#### [WHAT NEEDS TO BE DONE]
Your reply is to be the lines below, exactly as written, with images omitted.

#### [DATA SHOWN]
= = = = =
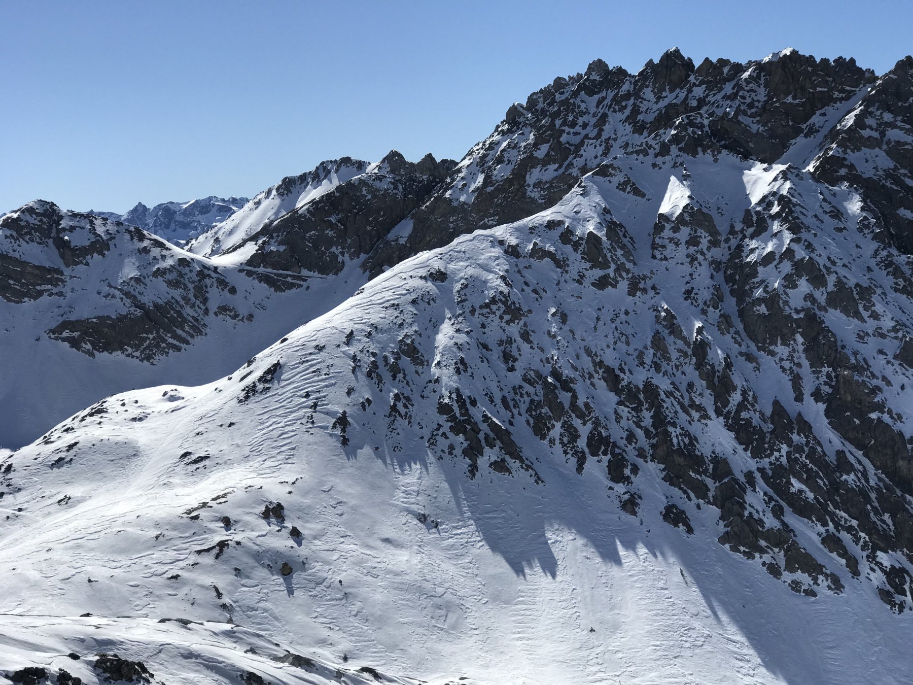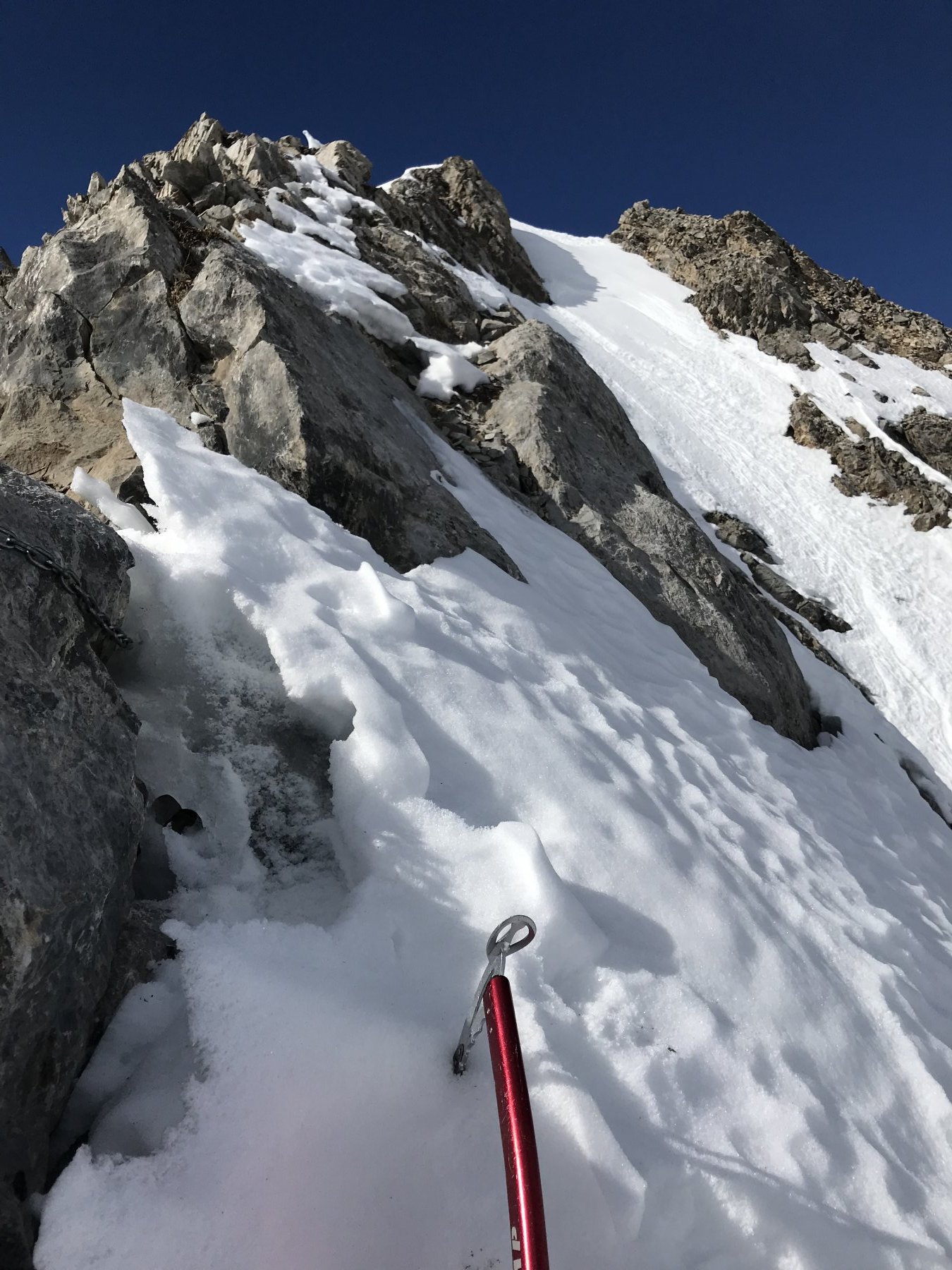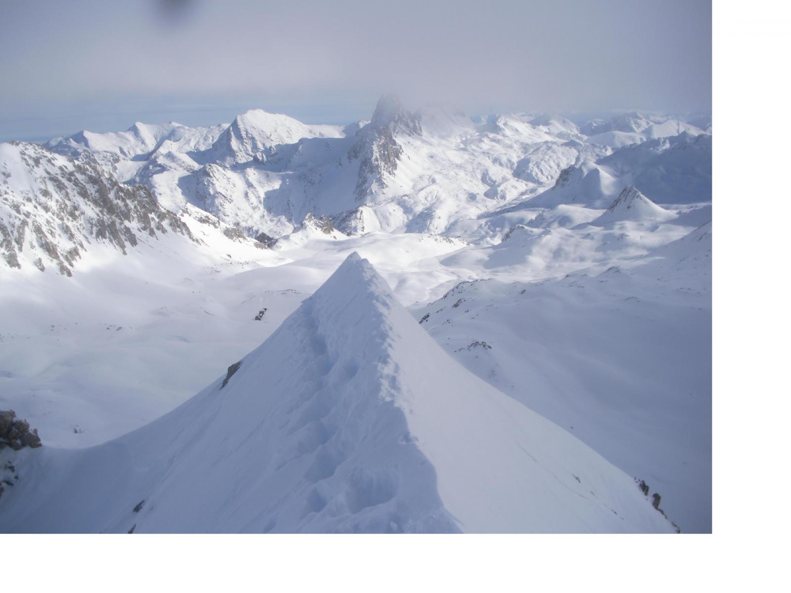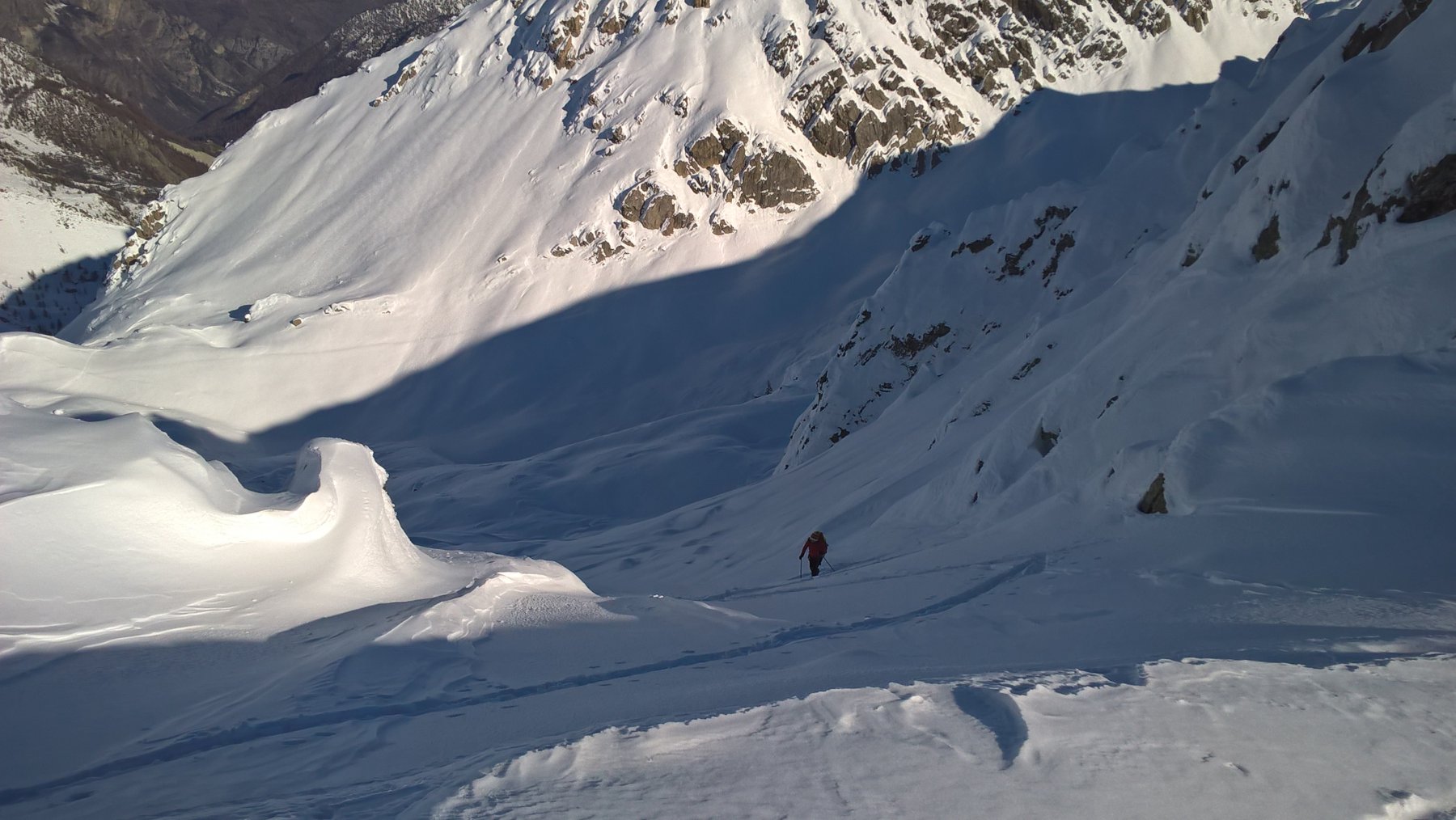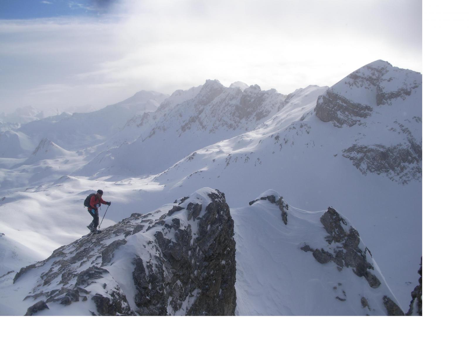 Poco prima del passo, prendere gli ampi pendii sulla dx,sinistra orografica,piuttosto ripidi che portano all’inizio della cresta est del monte Eco. Si portano gli sci fino che la cresta diventa di misto.Si prosegue per crestine affilate e tratti di roccette.
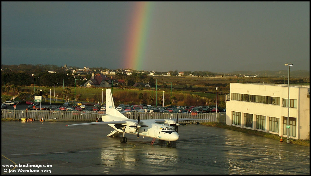 I was evidently at work on the 7th March 2005 to take this picture of an Antonov An12 parked on the west apron at Ronaldsway with a lovely rainbow behind.
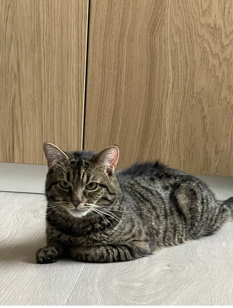 Katten vingler av og til litt til siden , har av og til litt problem med balanse til venstre side . Er veldig forsiktig av seg og sky . Er en veldig snill katt som familien savner uendelig .
= = = = =
#### [YOUR RESPONSE]
 Poco prima del passo, prendere gli ampi pendii sulla dx,sinistra orografica,piuttosto ripidi che portano all’inizio della cresta est del monte Eco. Si portano gli sci fino che la cresta diventa di misto.Si prosegue per crestine affilate e tratti di roccette.
 I was evidently at work on the 7th March 2005 to take this picture of an Antonov An12 parked on the west apron at Ronaldsway with a lovely rainbow behind.
 Katten vingler av og til litt til siden , har av og til litt problem med balanse til venstre side . Er veldig forsiktig av seg og sky . Er en veldig snill katt som familien savner uendelig .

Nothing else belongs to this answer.